Catholic University’s location in Washington, D.C., provides its students with many unique opportunities to apply the skills they learn in the classroom to the real world. In MDIA 417: Researching Media History at the Library of Congress, Assistant Professor Josh Shepperd works with the Library of Congress to teach his students how to use primary source material in the study of media.
“I believe in experiential learning. I want my students to study the concepts that underlie the practices in the study of media. I want them to go out and see the resources that D.C. provides and experience all of the organizations that D.C. has to offer,” says Shepperd who teaches in the Department of Media and Communication Studies.
As the 2017 Sound History Fellow and director of the Library of Congress’s Radio Preservation Task Force, Shepperd was able to arrange access for his students to utilize Library of Congress resources, such as the Performing Arts, Manuscript, and Moving Image reading rooms. Once a week the LOC keeps a reading room open after hours so they can conduct readings of contemporary scholarship.
The course is structured around students researching and writing an original paper on a person or event that was key to American media.

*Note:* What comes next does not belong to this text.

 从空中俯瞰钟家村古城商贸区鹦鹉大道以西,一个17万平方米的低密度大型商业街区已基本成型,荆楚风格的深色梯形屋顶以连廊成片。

Grace Woo is a senior English major and media studies minor who chose the life of American radio personality Mary Margaret McBride for her paper.

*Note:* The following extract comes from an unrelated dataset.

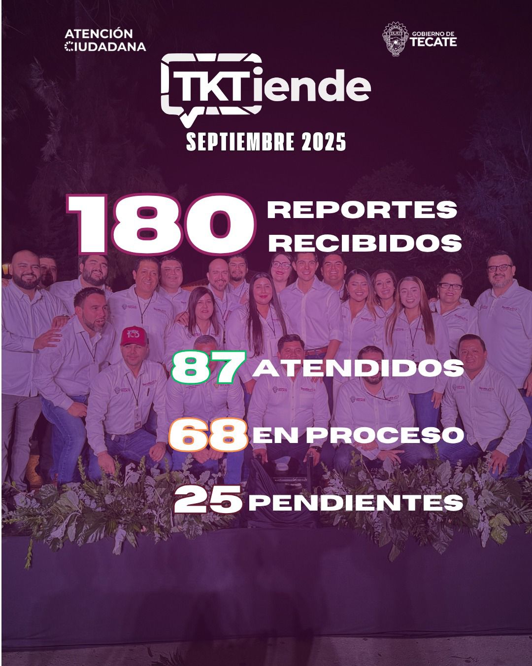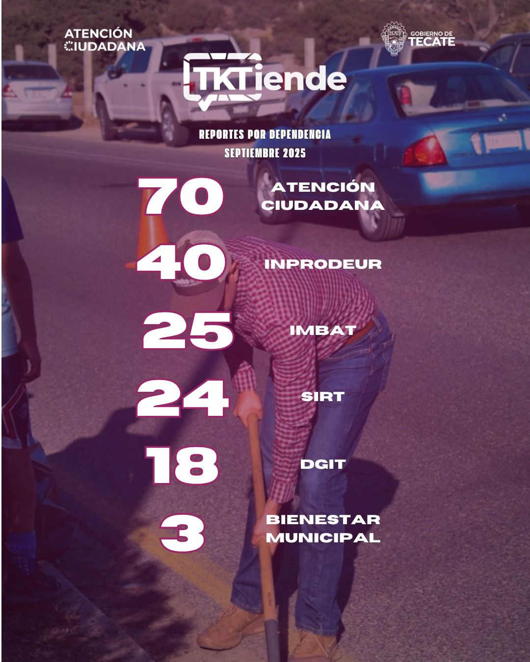 - El Gobierno de Tecate dio a conocer la información consolidada del programa “TKTiende” correspondiente al mes de septiembre, destacando la participación activa de la ciudadanía y el compromiso de las dependencias municipales por atender de manera oportuna las necesidades de la comunidad.

“I wanted to do research on a woman in the industry who had not had as much attention as other famous people in radio,” says Woo.
The Library of Congress allows students to access primary source documents such as personal correspondence of historic figures as well as media traces found in film, television, radio, and photographic records.

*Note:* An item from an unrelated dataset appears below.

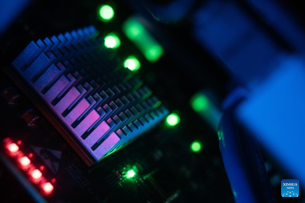 Yang Yuanfan communicates with a member of his company in Hefei, east China's Anhui Province, Jan. 18, 2024. (Xinhua/Zhang Duan)

“It’s incredible to see and hold documents that she held in her hands and see letters in her hand writing that I knew she wrote,” says Woo. “It makes her seem like much more of a real person and less of a person in a textbook.”
Along with primary source documents related to their research papers, the students have had the chance to see important pieces of American history as well.
“The students have been able to see some really cool stuff,” says Shepperd. “Last week they saw the original [hand-typed copyright copy of Martin Luther King Jr.’s] ‘I Have a Dream Speech.’ A few weeks before they saw the original drawing that Alexander Graham Bell made to visualize the telephone, as well as the original Western Union telegram to Washington declaring that Pearl Harbor had been bombed.”
Seeing these key historical documents has given the students a new perspective on the history they are learning in the classroom.
“It’s a fantastic resource that I am lucky to be able to utilize,” says Woo. “It allows me to do research that I wouldn’t be able to do otherwise because there aren’t that many resources on Mary Margaret McBride outside of the Library of Congress.”